Potuto, however, is far from a singular faculty force influencing the process. Linda Young, an associate professor of Practice at Nebraska, wrote letters of recommendation for both 2012 winners of Nebraska's Student-Athlete of the Year award. Last spring, Tyler Hitchler was a student in her 450 Medical Nutrition Therapy I class. This spring, he's taking the advanced phase of that same class. Young also taught Ashley Miller in several classes over the past three years and has seen the All-American/Academic All-American distance runner shine as a member of the UNL Peer Nutrition Education Team (PeerNET).
According to Young, Miller's 3.83 GPA is an accurate reflection of her academic and intellectual abilities. Young has watched the Tipton, Iowa, distance runner set and achieve high goals in the classroom. "She's actively engaged in learning and not satisfied with just knowing the course material for the exam," Young said of Miller. "Ashley strives to understand course concepts and how they'll be used in her career goal of becoming a Registered Dietician."

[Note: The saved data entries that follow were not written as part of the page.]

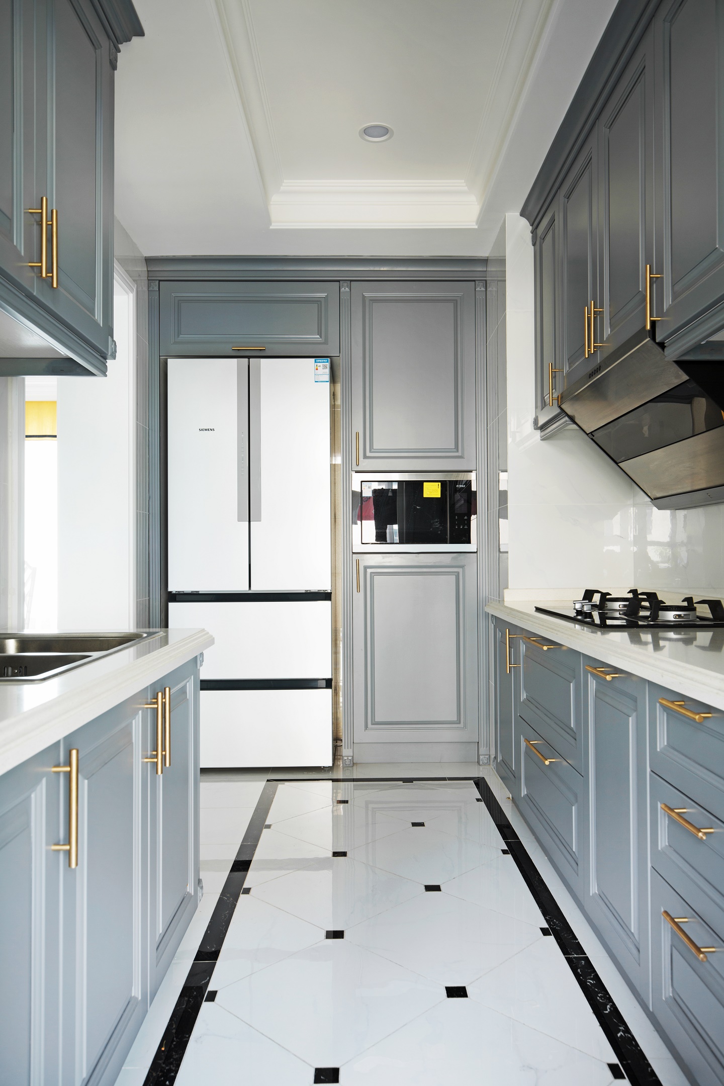 廚房空間中,櫥柜部分延續(xù)灰藍(lán)色調(diào),配以白色拋光磚及白色臺(tái)面,點(diǎn)綴金色五金件,使整個(gè)空間潔凈明亮又不失高雅。
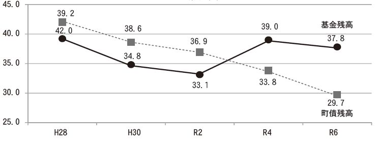 一般会計における基金残高と町債残高の推移です。
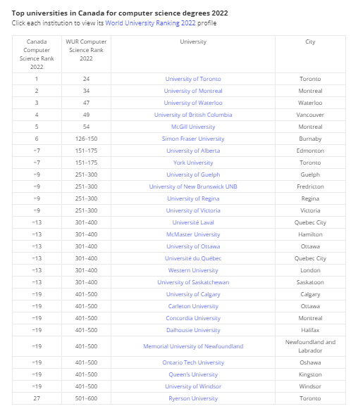Theo tờ Times Higher Education, trang web nổi tiếng với các bảng xếp hàng các trường đại học tốt trên toàn thế giới đã đưa ra top 27 trường đại học tốt đào tạo ngành Computer Science tại Canada.

The same could be said of Hitchler, who carries a 3.742 cumulative GPA. "The first time you meet Tyler, you're impressed with his professional demeanor, self-confidence and maturity," Young said. "Despite his demanding competitive schedule, he excelled in both courses I taught and always demonstrated a commitment to gaining all he could from the courses. He was actively involved in learning. Tyler's a very responsible and dependable student."

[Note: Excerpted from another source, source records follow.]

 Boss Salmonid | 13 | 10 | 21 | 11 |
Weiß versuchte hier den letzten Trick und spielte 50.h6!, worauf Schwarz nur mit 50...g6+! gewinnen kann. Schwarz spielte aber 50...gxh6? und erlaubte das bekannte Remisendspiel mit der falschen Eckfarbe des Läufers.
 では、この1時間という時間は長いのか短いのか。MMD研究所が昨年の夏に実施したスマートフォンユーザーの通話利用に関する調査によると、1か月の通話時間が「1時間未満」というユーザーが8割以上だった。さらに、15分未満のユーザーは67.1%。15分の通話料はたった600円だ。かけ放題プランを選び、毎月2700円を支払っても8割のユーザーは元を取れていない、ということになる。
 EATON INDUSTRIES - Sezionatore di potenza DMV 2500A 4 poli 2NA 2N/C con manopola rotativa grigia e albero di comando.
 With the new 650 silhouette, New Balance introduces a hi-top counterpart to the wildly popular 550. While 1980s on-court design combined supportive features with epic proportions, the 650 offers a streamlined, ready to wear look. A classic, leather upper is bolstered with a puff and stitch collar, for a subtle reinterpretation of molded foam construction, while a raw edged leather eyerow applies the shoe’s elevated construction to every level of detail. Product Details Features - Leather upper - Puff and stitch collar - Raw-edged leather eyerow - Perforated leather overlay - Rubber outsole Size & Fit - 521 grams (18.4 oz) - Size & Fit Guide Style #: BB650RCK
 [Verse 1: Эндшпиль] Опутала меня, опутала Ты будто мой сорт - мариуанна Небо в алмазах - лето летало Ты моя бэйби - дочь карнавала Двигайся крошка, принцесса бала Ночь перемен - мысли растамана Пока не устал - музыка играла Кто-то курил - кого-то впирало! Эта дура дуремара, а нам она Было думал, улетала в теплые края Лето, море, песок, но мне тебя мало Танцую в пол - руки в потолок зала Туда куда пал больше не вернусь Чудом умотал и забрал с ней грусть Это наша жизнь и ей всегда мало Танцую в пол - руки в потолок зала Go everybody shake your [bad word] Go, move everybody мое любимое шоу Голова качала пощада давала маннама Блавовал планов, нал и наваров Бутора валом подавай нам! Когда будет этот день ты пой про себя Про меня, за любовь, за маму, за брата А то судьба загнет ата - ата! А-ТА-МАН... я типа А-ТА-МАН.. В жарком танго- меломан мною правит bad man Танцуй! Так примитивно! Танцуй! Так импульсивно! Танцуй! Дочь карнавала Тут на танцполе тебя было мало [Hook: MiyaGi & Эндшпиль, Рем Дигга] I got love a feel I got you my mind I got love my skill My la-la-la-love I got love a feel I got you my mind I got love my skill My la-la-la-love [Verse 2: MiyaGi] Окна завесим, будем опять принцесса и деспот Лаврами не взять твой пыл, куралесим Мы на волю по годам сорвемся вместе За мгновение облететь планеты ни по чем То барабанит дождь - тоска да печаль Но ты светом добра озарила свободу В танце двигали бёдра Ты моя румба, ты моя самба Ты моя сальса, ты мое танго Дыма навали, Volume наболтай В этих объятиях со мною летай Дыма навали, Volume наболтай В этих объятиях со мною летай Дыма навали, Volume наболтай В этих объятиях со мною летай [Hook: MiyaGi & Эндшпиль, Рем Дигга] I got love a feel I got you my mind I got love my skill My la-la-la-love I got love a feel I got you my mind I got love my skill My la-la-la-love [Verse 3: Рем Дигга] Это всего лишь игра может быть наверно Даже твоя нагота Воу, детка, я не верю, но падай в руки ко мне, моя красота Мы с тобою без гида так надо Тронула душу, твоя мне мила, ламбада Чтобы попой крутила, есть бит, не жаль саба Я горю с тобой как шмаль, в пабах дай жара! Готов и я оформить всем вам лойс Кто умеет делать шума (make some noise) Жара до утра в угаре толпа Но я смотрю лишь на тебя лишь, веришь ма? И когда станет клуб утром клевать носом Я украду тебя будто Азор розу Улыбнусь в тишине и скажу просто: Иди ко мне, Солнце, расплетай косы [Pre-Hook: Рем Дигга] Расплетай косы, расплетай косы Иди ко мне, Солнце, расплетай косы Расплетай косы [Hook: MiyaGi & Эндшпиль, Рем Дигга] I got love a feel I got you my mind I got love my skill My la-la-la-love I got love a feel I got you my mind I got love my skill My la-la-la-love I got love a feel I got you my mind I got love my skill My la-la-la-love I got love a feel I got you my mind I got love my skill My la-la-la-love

Hitchler always communicated his competition schedule to Young, but never did he ask for special consideration. "He conscientiously met all course requirements," Young said, adding that Tyler was "the one student I could count on to ask and respond to questions in class."
An All-American and Academic All-American discus thrower, Hitchler continuously demonstrates a strong desire to learn all he can and apply that knowledge to his career goal in medicine. Even though he's been accepted into the University of Nebraska's School of Medicine, Young sees no letup in his competitive push.

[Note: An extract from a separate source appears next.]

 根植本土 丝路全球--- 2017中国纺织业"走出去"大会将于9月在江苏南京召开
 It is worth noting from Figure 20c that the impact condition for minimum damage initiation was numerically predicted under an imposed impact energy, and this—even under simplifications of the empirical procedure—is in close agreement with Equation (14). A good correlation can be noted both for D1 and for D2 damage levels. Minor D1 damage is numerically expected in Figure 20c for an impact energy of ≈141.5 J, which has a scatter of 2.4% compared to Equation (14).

"It was during our class discussions on ethics that I saw the caring and compassionate side of Tyler and how deeply he will care about doing what's best and right for his patients and their families," Young said. "This is a young man who is seeking a career in medicine for all the right reasons - he wants to be of service to others and improve their well-being."
Young saw first-hand Miller's ability to take nutrition science information and communicate it to the public in a useful manner, considerably enhancing the chances for that information to have a positive impact on future choices. "Despite her demanding track schedule, Ashley volunteered whenever we needed someone for a last-minute presentation," Young said. "She was always willing to volunteer for an event if there was any way she could make it fit."
No wonder Professor Young is "100-percent confident that Ashley will succeed in whatever direction her future takes her."